Segment Start: Provided data

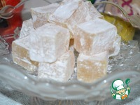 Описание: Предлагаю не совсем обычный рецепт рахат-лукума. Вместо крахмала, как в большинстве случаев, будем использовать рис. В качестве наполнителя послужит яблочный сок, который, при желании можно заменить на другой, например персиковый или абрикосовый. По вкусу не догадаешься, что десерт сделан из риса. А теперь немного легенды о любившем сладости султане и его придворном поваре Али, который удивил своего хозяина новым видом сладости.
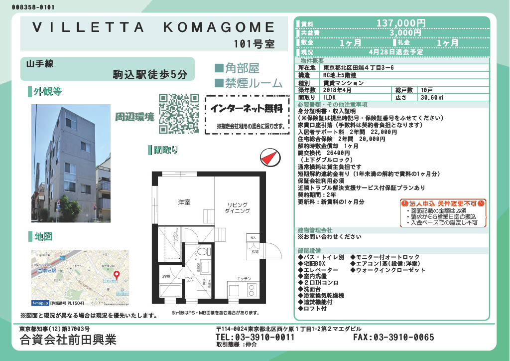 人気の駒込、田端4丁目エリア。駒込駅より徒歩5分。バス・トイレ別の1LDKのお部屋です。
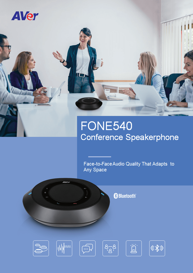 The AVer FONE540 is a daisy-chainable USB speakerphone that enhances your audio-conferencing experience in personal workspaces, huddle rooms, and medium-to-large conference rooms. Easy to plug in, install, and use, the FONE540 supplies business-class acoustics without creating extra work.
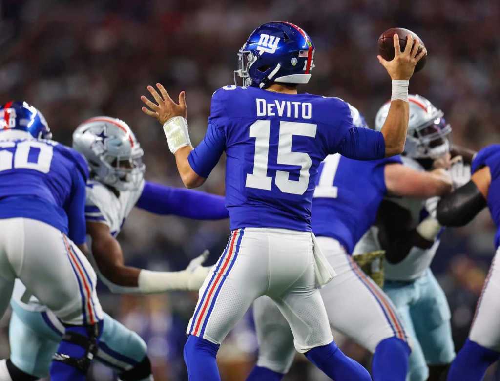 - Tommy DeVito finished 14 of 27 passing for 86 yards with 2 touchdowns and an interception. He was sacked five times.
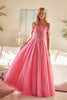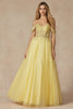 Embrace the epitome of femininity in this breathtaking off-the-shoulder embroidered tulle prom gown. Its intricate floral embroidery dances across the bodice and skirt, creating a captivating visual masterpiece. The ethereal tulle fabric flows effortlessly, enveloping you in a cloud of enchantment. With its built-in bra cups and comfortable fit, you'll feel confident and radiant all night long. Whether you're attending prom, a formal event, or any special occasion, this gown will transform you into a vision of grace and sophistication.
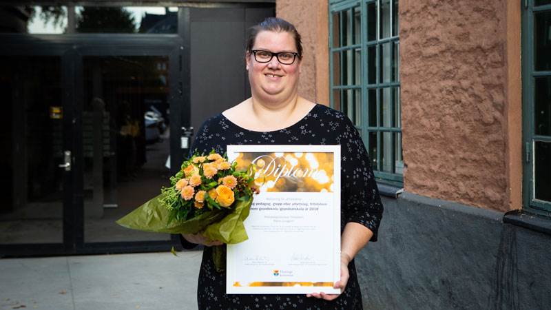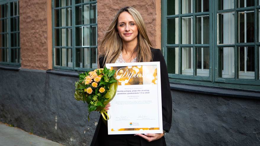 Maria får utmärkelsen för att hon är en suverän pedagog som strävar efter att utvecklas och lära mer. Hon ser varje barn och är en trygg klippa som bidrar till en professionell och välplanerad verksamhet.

Segment End: Provided data

- [What needs to be done]: What should come back is an exact copy of the lines above from the line with "The AVer FONE540" to the line with "Embrace the epitome", both included, minus the pictures.

- [Response box]:
 The AVer FONE540 is a daisy-chainable USB speakerphone that enhances your audio-conferencing experience in personal workspaces, huddle rooms, and medium-to-large conference rooms. Easy to plug in, install, and use, the FONE540 supplies business-class acoustics without creating extra work.
 - Tommy DeVito finished 14 of 27 passing for 86 yards with 2 touchdowns and an interception. He was sacked five times.
 Embrace the epitome of femininity in this breathtaking off-the-shoulder embroidered tulle prom gown. Its intricate floral embroidery dances across the bodice and skirt, creating a captivating visual masterpiece. The ethereal tulle fabric flows effortlessly, enveloping you in a cloud of enchantment. With its built-in bra cups and comfortable fit, you'll feel confident and radiant all night long. Whether you're attending prom, a formal event, or any special occasion, this gown will transform you into a vision of grace and sophistication.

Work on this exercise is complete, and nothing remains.